→ **Data provided**:
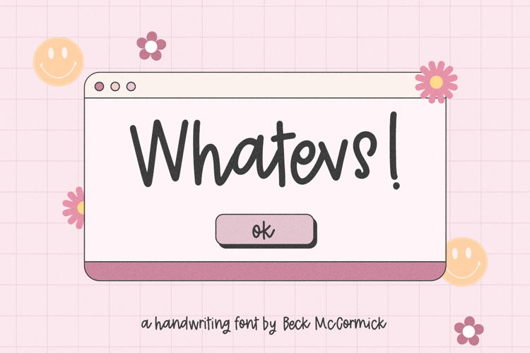 Whatevs Sans is a cute handwritten (mostly) sans font with a few connecting letters. This font is neat & tidy! Because of this, it would make a great addition to a teacher’s font collection, children’s books, or classroom decor. Whatevs Sans is also perfect for logos & branding, greeting cards, painted banners, digital planners, note-taking apps, Canva, Cricut projects, Silhouette projects, designing SVG files, laser cutting projects, & more.
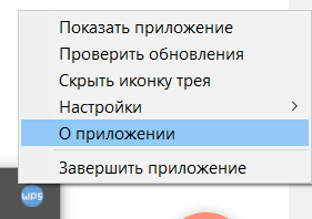 — «О приложении» — отображает версию WPS.
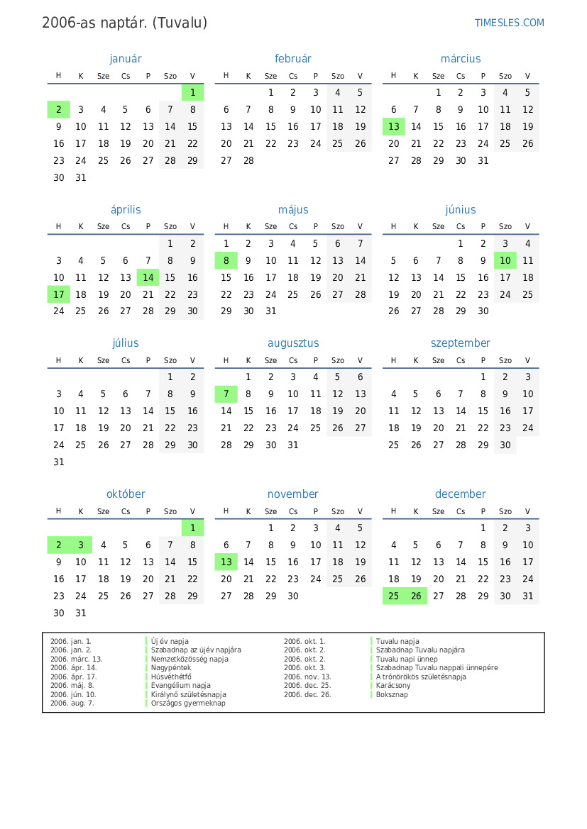 2006. okt. 3. Szabadnap Tuvalu nappali ünnepére

→ **Problem to work on**: The required output is the lines from the one containing "отображает версию WPS." through the end of the data, printed exactly, with no pictures.

→ **Answer for this exercise**:
 — «О приложении» — отображает версию WPS.
 2006. okt. 3. Szabadnap Tuvalu nappali ünnepére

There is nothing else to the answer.